Жизнь и поступки коронованных особ нередко содержали в себе некий фантастический элемент, напоминающий нам о халифах «Тысячи и одной ночи».
…Время крайностей и безрассудных авантюр… Хотелось бы попробовать пожить в эти века, но, конечно, не в качестве крестьянки или простой горожанки, а в качестве хотя бы знатной дамы, а то и коронованной особы. То были темные века, но читая Хейзингу начинаешь переосмыслять некоторые свои знания начинаешь смотреть на это время с другой стороны. Неравенство, богатство одних и бедность других тогда уже были, но в то же время можно сказать, что тогда мир был еще молод, жизнь была ближе человеку. Короче говоря, как мне видится, романтики в 14-15в.в. было больше, это можно объяснить чрезвычайной душевной возбудимостью человека Средневековья, его безудержанностью и необузданностью.
Позднее Средневековье – время бурных межпартийных конфликтов (вспомним раскол между Римом и Авиньоном – 2 папы, 2 лагеря, причем раскол этот можно обосновать только страстностью средневековых людей, т.к. никаких разногласий в догмах не было). Резкое подчеркивание партийных пристрастий и вассальной верности господину принимает еще более острый характер благодаря сильному и возбуждающему воздействию всяческих знаков принадлежности к своей партии: геральдические цвета, эмблемы, девизы, боевые кличи.Особенность Средневекового правосудия: оно знало только две крайности – полную меру жестокого наказания или милосердие. Тоже встречаем и в отношении к калекам, убогим людям.
На исходе Средневековья основной тон жизни – горькая тоска и усталость. И во Франции, и в Бургундии к 1400г. люди все еще находят удовольствие в том, чтобы поносить свою жизнь и свою эпоху.Желанье некой прекрасной жизни во все времена обнаруживало перед собой три пути к этой далекой цели. Первый уводил прочь от мира: путь отречения от всего мирского (как масонство в 18 веке). Второй путь вел к улучшению и совершенствованию мира самого по себе. С момента избрания этого пути начинается новое время, когда страх перед жизнью уступает место мужеству и надежде. Но это собственно происходит лишь в 18 в. Третий путь к более прекрасному миру – путь мечтаний. Этот путь самый удобный, - правда цель при этом нисколько не становится ближе.Теперь мы приблизились к определению того, под каким углом зрения следует нам рассматривать культуру на исходе Средневековья. Это расцвечивание аристократической жизни идеальными формами, жизни, протекающей в искусственном освещении рыцарской романтики, это мир, переодетый в наряды времен короля Артура (третий путь).

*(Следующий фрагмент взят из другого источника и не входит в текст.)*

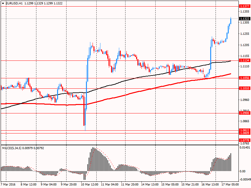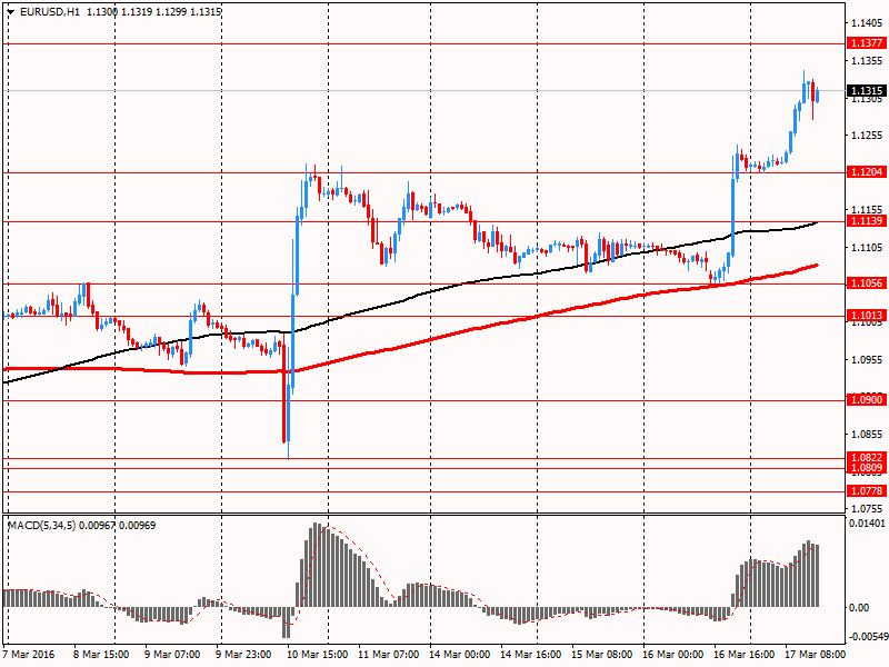 Евро значительно укрепился против доллара, впервые с 12 февраля поднявшись выше уровня $1.1300. Поддержку валюте оказывают итоги вчерашнего заседания ФРС, а также инфляционные данные по еврозоне. Окончательный данные, представленные Евростат, показали, что годовая инфляция в еврозоне составила -0,2% в феврале против 0,3% в предыдущем месяце. Последнее изменение совпало с прогнозами и предварительной оценкой. Напомним, в феврале 2015 года этот показатель составлял -0,3%. Базовый индекс, который исключает цены на энергоносители и необработанную пищу, составил +0,8% в годовом исчислении, что совпало с предыдущей оценкой. Аналитики ожидали повышение на 0,7%. Без учета энергии, табака, продуктов питания и алкоголя, инфляция в еврозоне составила 0,8% годовых и 0,4% в месячном выражении.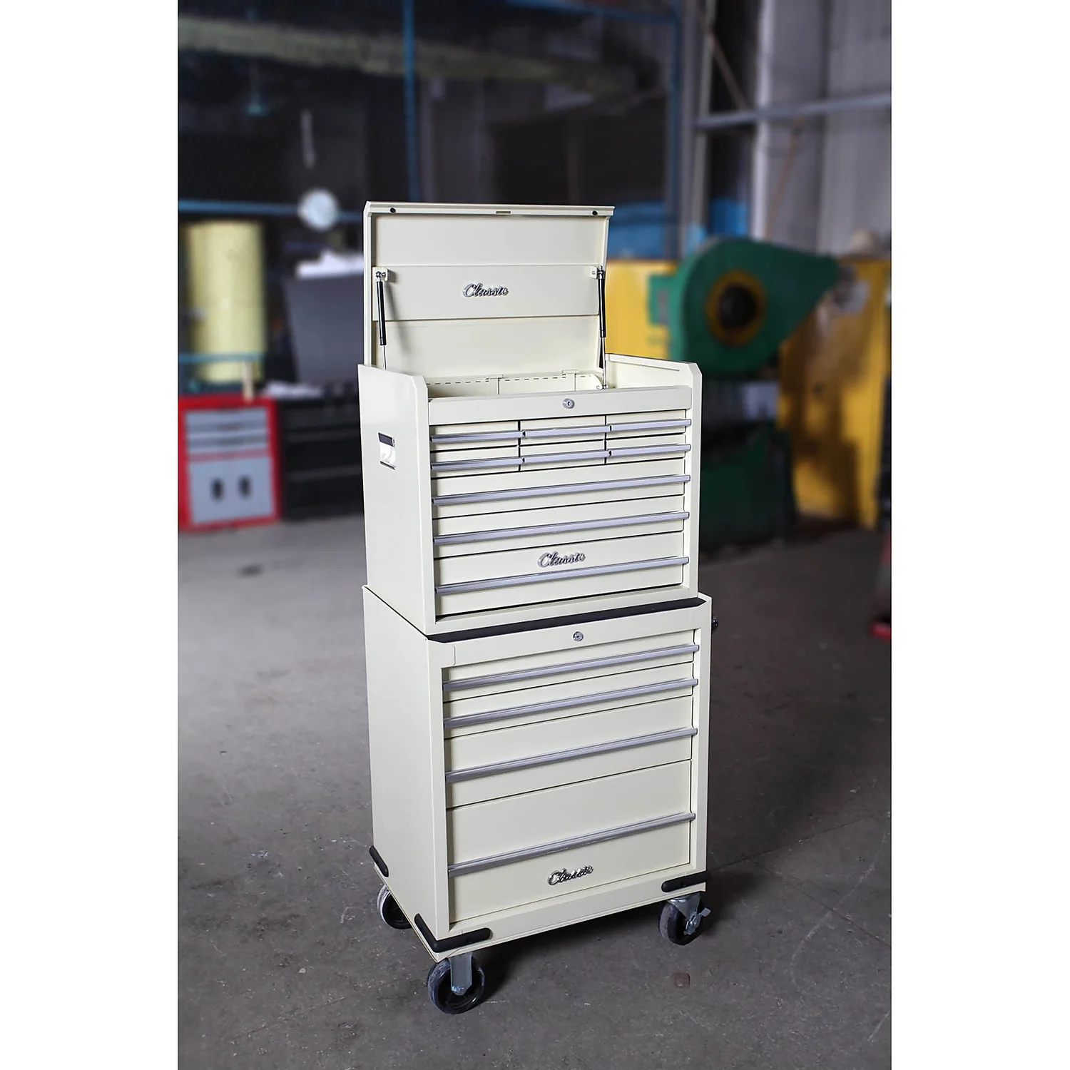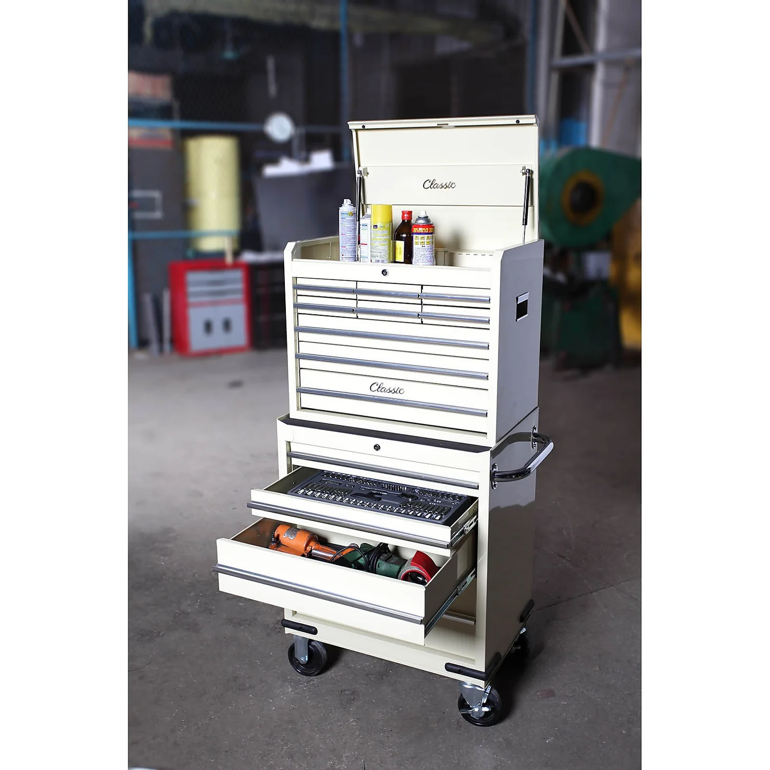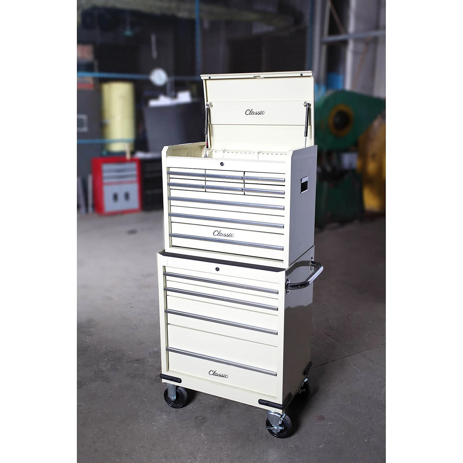 - Classic 26″ combination unit design to suit classic car owners and car enthusiasts with gas struts, lift latch, 5″ locking castors and lockable ball bearing drawer slides for a smooth secure operation

Двор – та сфера, где эстетика форм жизненного уклада могла раскрыться наиболее полно. Известно, какое значение придавали бургундские герцоги всему, что касалось придворной роскоши и великолепия (Далее в тексте идет описание придворной иерархии, придворных пиров, придворной учтивости, церемониала, открытости королевской жизни).
Все стилизованные прекрасные формы придворного поведения, которые призваны были вознести грубую действительность в сферу благородной гармонии, входили в великое искусство жизни, не снижаясь при этом до непосредственного выражения в искусстве в более тесном смысле.
Идейный мир Средневековья был насыщен, пропитан религиозными представлениями. Подобным же образом идейный мир той замкнутой группы, которая ограничивалось сферой двора и знати, был проникнут рыцарскими идеалами. Цель, стоящая перед рыцарями, - это стремление к всеобщему миру, основанному на согласии между монархами, завоевание Иерусалима и изгнание турок.Не будучи в состоянии разглядеть общественное развитие, историография (имеются в виду средневековые хронисты) прибегла к вымыслу вроде рыцарских идеалов, тем самым она сводила все к прекрасной картине княжеской чести и рыцарской добродетели, к декоруму игры, руководствовавшейся благородными правилами, - так создавала она иллюзию порядка.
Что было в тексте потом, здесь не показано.